A * Search (AND graph)


The previous heuristics methods fail to describe how the shortest distance to a goal should be
estimated. It is best-known form of Best First Search. It avoids expanding paths that are
already expensive, but expands most promising paths first.

A* algorithm generates all successor nodes and computes an estimate of the distance (cost)
from the start node to a goal node through each of the successors. It then chooses the
successor with the shortest estimated distance for expansion. The successor for this node are
then generated, their distance estimated, and the process continues until a goal is found or the
search ends in failure.

The heuristic estimation function for A* can be given by:

f(n) = g(n) + h(n), where

• g(n) is the cost (so far) to reach the node


• h(n) is the estimated cost to get from the node to the goal
• f(n) is the estimated total cost of path through n to goal. It is implemented using priority
queue by increasing f(n).
Now let us consider some desirable properties of heuristic search algorithms:

(i) Admissibility condition: Algorithm A is admissible if it is guaranteed to return an


optimal solution when one exists.

(ii) Completeness condition: Algorithm A is complete if it always terminates with a


solution when one exists.
(iii) Dominance property: Let A1 and A2 be admissible algorithm with heuristic
estimation functions h*1 and h*2 respectively. A1 is said to be more informed than A2,
whenever h*1(n)>h*2(n) for all n. A1 is also said to dominate A2.

(iv) Optimality Property: Algorithm A is optimal over a class of algorithms if A


dominates all members of the class.

A* algorithm is both complete and admissible. Thus, A* will always find an optimal path if one
exists. The efficiency of an A* algorithm depends on how closely h* approximates h and the cost
of the computing f*.

Local Search Algorithms


Local search algorithms operates using single current state and generally move only to the
neighbors of that state. Typically the paths followed by the search are not retained. This
algorithms has two key advantages:
(i) they use very little memory
(ii) they can often find reasonable solutions in large or infinite state spaces for which systematic
algorithms are unsuitable.

Hill-Climbing Search
It is like DFS where most promising node is selected for expansion. It is an iterative algorithm
that starts with an arbitrary solution to a problem and attempts to find a better solution by
changing a single element of the solution incrementally. If the change produces a better
solution, an incremental change is taken as a new solution. This process is repeated until there
are no further improvements. An example of hill climbing is shown below:
Figure 6: Hill-Climbing

Advantages: Hill climbing can produce substantial savings over blind searches when an
informative, reliable function is available to guide the search to a global goal. It suffers from
some serious drawbacks when this is not the case.
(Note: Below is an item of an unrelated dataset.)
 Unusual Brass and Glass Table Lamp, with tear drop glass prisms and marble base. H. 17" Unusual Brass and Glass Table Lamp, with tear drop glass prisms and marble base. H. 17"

Disadvantage − this algorithm is neither complete, nor optimal. Potential problem types named
after certain terrestrial anomalies are the foothill, ridge, and plateau.
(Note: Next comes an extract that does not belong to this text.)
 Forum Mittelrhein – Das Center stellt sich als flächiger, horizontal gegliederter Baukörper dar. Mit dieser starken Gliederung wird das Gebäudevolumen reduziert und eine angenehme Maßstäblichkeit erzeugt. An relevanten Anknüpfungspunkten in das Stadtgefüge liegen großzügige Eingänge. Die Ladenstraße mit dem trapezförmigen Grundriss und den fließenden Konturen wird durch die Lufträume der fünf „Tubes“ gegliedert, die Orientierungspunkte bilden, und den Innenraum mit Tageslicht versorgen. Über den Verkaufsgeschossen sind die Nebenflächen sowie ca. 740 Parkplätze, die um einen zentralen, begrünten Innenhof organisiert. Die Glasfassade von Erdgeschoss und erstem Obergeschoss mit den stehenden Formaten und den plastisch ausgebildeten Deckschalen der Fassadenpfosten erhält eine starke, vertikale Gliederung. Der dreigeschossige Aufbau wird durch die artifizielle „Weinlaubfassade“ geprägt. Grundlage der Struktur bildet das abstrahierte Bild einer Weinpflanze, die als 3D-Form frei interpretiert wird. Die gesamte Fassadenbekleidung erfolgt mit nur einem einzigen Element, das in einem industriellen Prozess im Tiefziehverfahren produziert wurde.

A foothill trap results when local maxima or peaks are found. In this case the children all have
less promising goal distances than the parent node. The search is essentially trapped at the at
the local node with no try moving in some arbitrary direction a few generations in the hope that
the real goal direction will become evident, backtracking to an ancestor node and trying a
secondary path choice, or altering the computation procedure to expand ahead a few
generations each time before choosing a path.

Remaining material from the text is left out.